Pass 3 — place elements in reverse order (right-to-left through input)

Process 1  → count[1]=1 → output[0]=1  → count[1] becomes 0
Process 3  → count[3]=5 → output[4]=3  → count[3] becomes 4
Process 3  → count[3]=4 → output[3]=3  → count[3] becomes 3
Process 8  → count[8]=7 → output[6]=8  → count[8] becomes 6
Process 2  → count[2]=3 → output[2]=2  → count[2] becomes 2
Process 2  → count[2]=2 → output[1]=2  → count[2] becomes 1
Process 4  → count[4]=6 → output[5]=4  → count[4] becomes 5

output: [1, 2, 2, 3, 3, 4, 8]

Iterating right-to-left preserves the original relative order of equal elements — making the sort stable. Stability is required when counting sort is used as the inner pass of radix sort.

Naive Implementation

The naive version just reconstructs the output by iterating over the count array. It is not stable — when multiple identical values exist, you cannot tell which original element goes first.

fn counting_sort_naive(input: &[usize], k: usize) -> Vec<usize> {
    // k is the maximum value (inclusive)
    let mut count = vec![0usize; k + 1];
 
    // Pass 1: tally occurrences
    for &x in input {
        count[x] += 1;
    }
 
    // Pass 2: reconstruct output by reading count array in order
    let mut output = Vec::with_capacity(input.len());
    for (value, &freq) in count.iter().enumerate() {
        for _ in 0..freq {
            output.push(value);
        }
    }
 
    output
}
 
fn main() {
    let data = vec![4usize, 2, 2, 8, 3, 3, 1];
    let sorted = counting_sort_naive(&data, 8);
    println!("{:?}", sorted); // [1, 2, 2, 3, 3, 4, 8]
}

This works for plain integers but loses stability: if the input were pairs (key, payload), you could not preserve payload order for equal keys.

Optimized Implementation

The optimized version uses the prefix-sum trick so that each element's exact output index is computed before placement. Iterating right-to-left through the input then guarantees stability.

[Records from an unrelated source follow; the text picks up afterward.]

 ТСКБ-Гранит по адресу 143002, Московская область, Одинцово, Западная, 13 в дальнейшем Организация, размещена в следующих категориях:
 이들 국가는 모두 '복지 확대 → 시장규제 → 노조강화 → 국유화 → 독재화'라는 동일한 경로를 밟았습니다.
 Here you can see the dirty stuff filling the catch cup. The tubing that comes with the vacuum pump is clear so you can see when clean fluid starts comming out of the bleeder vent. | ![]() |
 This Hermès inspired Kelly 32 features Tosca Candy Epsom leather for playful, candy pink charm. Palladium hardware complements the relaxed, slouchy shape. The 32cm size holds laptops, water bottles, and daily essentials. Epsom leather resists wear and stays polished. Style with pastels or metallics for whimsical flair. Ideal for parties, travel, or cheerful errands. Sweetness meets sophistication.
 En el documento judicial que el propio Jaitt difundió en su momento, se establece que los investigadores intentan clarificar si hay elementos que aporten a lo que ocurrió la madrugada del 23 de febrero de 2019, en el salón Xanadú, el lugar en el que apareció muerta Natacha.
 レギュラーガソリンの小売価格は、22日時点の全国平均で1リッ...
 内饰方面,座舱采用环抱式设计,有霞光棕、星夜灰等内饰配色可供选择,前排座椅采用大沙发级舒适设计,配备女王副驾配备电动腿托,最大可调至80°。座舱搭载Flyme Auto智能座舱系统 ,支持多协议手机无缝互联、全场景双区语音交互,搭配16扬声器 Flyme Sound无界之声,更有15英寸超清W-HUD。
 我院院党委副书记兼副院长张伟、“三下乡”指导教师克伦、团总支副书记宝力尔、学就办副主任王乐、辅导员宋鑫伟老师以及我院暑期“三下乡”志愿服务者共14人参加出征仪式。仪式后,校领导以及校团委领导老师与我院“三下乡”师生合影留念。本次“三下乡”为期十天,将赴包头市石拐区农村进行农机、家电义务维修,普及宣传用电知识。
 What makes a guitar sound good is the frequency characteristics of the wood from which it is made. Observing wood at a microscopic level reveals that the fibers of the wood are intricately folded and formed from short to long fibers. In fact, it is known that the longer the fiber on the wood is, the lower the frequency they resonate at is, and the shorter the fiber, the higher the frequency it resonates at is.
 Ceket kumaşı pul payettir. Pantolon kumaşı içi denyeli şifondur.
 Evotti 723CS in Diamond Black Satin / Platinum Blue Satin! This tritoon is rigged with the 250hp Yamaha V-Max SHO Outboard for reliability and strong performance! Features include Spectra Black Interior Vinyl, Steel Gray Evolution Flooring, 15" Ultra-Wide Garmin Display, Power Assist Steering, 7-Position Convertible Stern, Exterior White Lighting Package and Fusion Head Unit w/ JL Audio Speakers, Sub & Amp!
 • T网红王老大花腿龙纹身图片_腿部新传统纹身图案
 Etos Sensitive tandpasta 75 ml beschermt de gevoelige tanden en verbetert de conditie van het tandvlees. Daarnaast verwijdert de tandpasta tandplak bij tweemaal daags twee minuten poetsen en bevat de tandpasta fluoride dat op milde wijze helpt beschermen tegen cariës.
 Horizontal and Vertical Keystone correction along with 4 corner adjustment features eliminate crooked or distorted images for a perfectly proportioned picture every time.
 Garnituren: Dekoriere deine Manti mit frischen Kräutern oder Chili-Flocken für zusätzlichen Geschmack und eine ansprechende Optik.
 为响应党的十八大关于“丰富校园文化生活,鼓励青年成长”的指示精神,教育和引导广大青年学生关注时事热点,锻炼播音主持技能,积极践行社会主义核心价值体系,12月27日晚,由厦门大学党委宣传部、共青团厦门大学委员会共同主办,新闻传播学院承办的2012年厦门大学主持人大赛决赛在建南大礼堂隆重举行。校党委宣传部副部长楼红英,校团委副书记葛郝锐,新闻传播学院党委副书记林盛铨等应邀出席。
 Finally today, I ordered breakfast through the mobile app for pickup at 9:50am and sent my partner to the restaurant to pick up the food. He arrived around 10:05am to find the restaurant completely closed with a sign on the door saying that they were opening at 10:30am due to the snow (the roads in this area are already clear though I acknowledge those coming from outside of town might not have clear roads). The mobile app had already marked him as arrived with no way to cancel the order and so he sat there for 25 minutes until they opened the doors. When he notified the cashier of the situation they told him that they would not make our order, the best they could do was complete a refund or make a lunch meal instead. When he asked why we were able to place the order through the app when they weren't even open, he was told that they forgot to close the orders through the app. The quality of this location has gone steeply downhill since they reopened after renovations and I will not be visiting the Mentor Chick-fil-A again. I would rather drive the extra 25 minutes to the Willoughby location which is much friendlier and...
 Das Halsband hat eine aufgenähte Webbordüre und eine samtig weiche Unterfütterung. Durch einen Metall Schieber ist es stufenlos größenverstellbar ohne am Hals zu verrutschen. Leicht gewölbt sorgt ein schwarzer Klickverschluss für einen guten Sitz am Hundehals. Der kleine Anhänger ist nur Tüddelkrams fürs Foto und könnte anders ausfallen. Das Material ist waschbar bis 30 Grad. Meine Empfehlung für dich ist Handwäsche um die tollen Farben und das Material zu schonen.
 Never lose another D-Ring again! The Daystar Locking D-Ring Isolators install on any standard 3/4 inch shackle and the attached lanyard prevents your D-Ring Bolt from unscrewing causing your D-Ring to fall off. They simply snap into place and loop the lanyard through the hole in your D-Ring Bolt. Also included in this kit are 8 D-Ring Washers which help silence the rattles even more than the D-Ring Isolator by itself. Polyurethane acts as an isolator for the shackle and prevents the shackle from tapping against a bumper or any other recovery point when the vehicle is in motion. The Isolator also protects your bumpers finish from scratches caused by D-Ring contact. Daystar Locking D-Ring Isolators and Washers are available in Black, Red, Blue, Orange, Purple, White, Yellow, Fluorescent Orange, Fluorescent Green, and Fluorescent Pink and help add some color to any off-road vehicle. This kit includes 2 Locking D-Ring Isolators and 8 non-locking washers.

fn counting_sort_stable(input: &[usize], k: usize) -> Vec<usize> {
    let n = input.len();
    let mut count = vec![0usize; k + 1];
 
    // Pass 1: tally
    for &x in input {
        count[x] += 1;
    }
 
    // Pass 2: prefix-sum — count[v] becomes number of elements <= v
    for i in 1..=k {
        count[i] += count[i - 1];
    }
 
    // Pass 3: place — iterate input right-to-left for stability
    let mut output = vec![0usize; n];
    for &x in input.iter().rev() {
        // count[x] is a 1-based count; subtract 1 for 0-based index
        count[x] -= 1;
        output[count[x]] = x;
    }
 
    output
}
 
fn main() {
    let data = vec![4usize, 2, 2, 8, 3, 3, 1];
    let sorted = counting_sort_stable(&data, 8);
    println!("{:?}", sorted); // [1, 2, 2, 3, 3, 4, 8]
}

Why reverse iteration? After the prefix-sum pass, count[v] points one past the last slot allocated for value v. The rightmost occurrence of v in the input should land in count[v] - 1, then the next occurrence (moving left) lands in count[v] - 2, and so on. Iterating right-to-left through the input fills slots from right to left for each value, preserving the original order among duplicates.

Time Complexity

Case	Time	Explanation
Best	O(n + k)	Single pass to count, single pass to reconstruct
Average	O(n + k)	No branching on values; always three linear passes
Worst	O(n + k)	Same three passes regardless of input order

The constant hidden inside O(n + k) is very small — roughly 3n + k operations. When k is O(n), this reduces to O(n), beating any comparison sort. When k grows much larger than n — for example, sorting 100 numbers in the range [0, 10⁹) — the k term dominates and counting sort becomes impractical, both in time and memory.

Space Complexity

O(n + k): the count array of size k + 1 plus the output array of size n. Neither can be avoided with this approach. For large k (say, 32-bit integers) you would need 4 GB just for the count array, which is why counting sort is typically restricted to small k or used digit-by-digit inside radix sort.